Читаем Наталья полностью

Внезапно я поднимаюсь из кресла и говорю:

— Простите, я на одну минуту. — Вечно идиотская ситуация, не знаешь, как уйти в туалет, особенно если новая знакомая.

— Пожалуйста.

Иду в туалет. Как только скрываюсь с ее глаз, несусь быстро. Дождался-таки, горемычный. В туалете народ курит. Везде народ. И откуда он берется, этот народ? Куда ни придешь, везде он…

Мне как-то и курить расхотелось. Начинаю думать об очках. Очки мои, дымчатые, имеют в наличии два стекла: одно раздавленное, но в оправе, другое вполне нормальное. Однако вид первого напрочь губит диапозитивную панораму второго стекла. При ней надо будет надеть очки. Иначе ни хрена с экрана не увижу. А ходить в кино, чтобы ни хрена не видеть, тоже не восторг. Значит, придется надевать очки.

А очки… Вспоминается позавчерашний вечер. Я попал в чью-то комнату, в какую-то компанию. Кто-то меня усиленно спаивал самогоном из чайника. Всегда есть добровольцы… А вообще я не пью. Потом с кем-то остался вдвоем. Много тем более. Не умею. Остальные куда-то подевались. Мы улеглись с ней на кухне, на столе. На каком этаже, не помню (да это и не важно). Ее тоже. Какая грязь. Одна только грязь. Очевидно, это была последняя… К счастью, ничего не получилось, а на следующий вечер она пришла. Рассмотрел лучше и — ушел под одеяло спать. Точно, это была последняя… Просто, как эхо, как импульс. После всего ноября, декабря, да и октября тоже. Фу-у. Даже плечи нервно передернулись при воспоминании. Курить окончательно расхотелось.

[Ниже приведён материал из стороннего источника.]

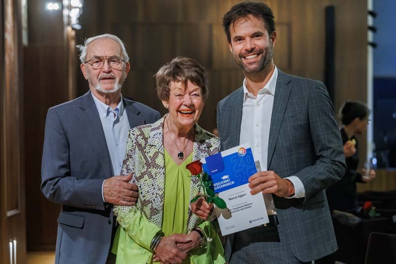 Auf jeder Alumnifeier gibt es sie: diese kleinen, besonderen Augenblicke, die den Abend einzigartig machen. Auf der diesjährigen Feier in Hamburg war es gleich ein ganzes Trio solcher Momente – angefangen beim bewegenden Auftritt des Ehepaars Marlene und Andreas Marko, die gemeinsam ihren Master in Politikwissenschaft absolviert haben. Mit Humor und Herz erzählten sie von durchlernten Nächten, gegenseitiger Unterstützung und der Kraft, die man in der Gemeinschaft findet. „So haben wir unsere Freizeit wenigstens gemeinsam verpasst und saßen in den späten Abendstunden nicht allein über unseren Hausarbeiten, sondern nebeneinander“, sagte Andreas Marko mit einem Lachen. „Wir haben gelernt, wir sind daran gewachsen und haben uns gegenseitig durch diese intensive Zeit getragen. Deshalb: Lasst uns heute nicht nur auf den Abschluss, sondern auf unsere unglaubliche Beharrlichkeit anstoßen. Darauf, dass wir jede Deadline, jede Korrektur und jede müde Stunde gemeistert haben“, ergänzte seine Ehefrau Marlene.

— Я, наверное, очень долго. Не сердитесь, хорошо?

— Я не сержусь. За что? — спокойно отвечает она.

— А давайте не пойдем в кино!

У нее удивленный взгляд.

— Куда же мы пойдем?

— Мы, если вы, конечно, не возражаете, пойдем на Новодевичье кладбище. Там есть одна могила… я не был на его похоронах, это нехорошо.

Она только проронила: «Интересно, что будет дальше?» — и больше ничего.

Мы двинулись к кладбищу. Оно тоже, как и Лужники, все под снегом. На памятниках, давно не обметаемых заботливой рукой, можно с трудом прочитать: кто лежит и в каких годах сей лежащий был похоронен. Идем в глубину, практически до упора. Почти в самом углу, тихо и неприметно, у стены, огораживающей сей мавзолей, холмик, все, что осталось от последнего писателя России. Холмик. Без надгробия. И это ему, Твардовскому. Так мало? Чем провинился? В чем не дослужил?

— Мои друзья были на траурной церемонии. Собралась тьма народу всех возрастов и положений. А что толку? Мертвым уже не поможешь. Когда его сняли с… простите, когда он ушел из «Нового мира», ему оставался ровно год до смерти. Он мог прожить и больше, но «уложился» ровно в срок — один год. Они его уложили. Свобода слова — не в говоре этого слова, а в молчании его, то бишь ты берешь и свободно молчишь любые слова, какие хочешь.

Он писал. Жалко только: никогда не опубликуют написанное им в последние годы. Панихиду гражданскую и то не разрешили. Все было оцеплено кордоном в три ряда — троекратные повторения еще с былин у нас повелись. А теперь вот что осталось… сбоку припека местечко выделили, не пожалели, что на Новодевичьем. «Новый мир» больше новым не будет. Голову ему снесли, «Новому миру» Твардовского.

Она молча слушала меня, и лишь на секунду, или мне померещилось, что-то блеснуло и скрылось в ее глазах.

Я потом долго еще говорил, но это никому не интересно. Тем более вам, живущим своим бетонным мирком в 30–40 кв.м. Был Твардовский, и нет его. Выкуем еще.

…Он мне очень напоминал хорошую добрую сказку…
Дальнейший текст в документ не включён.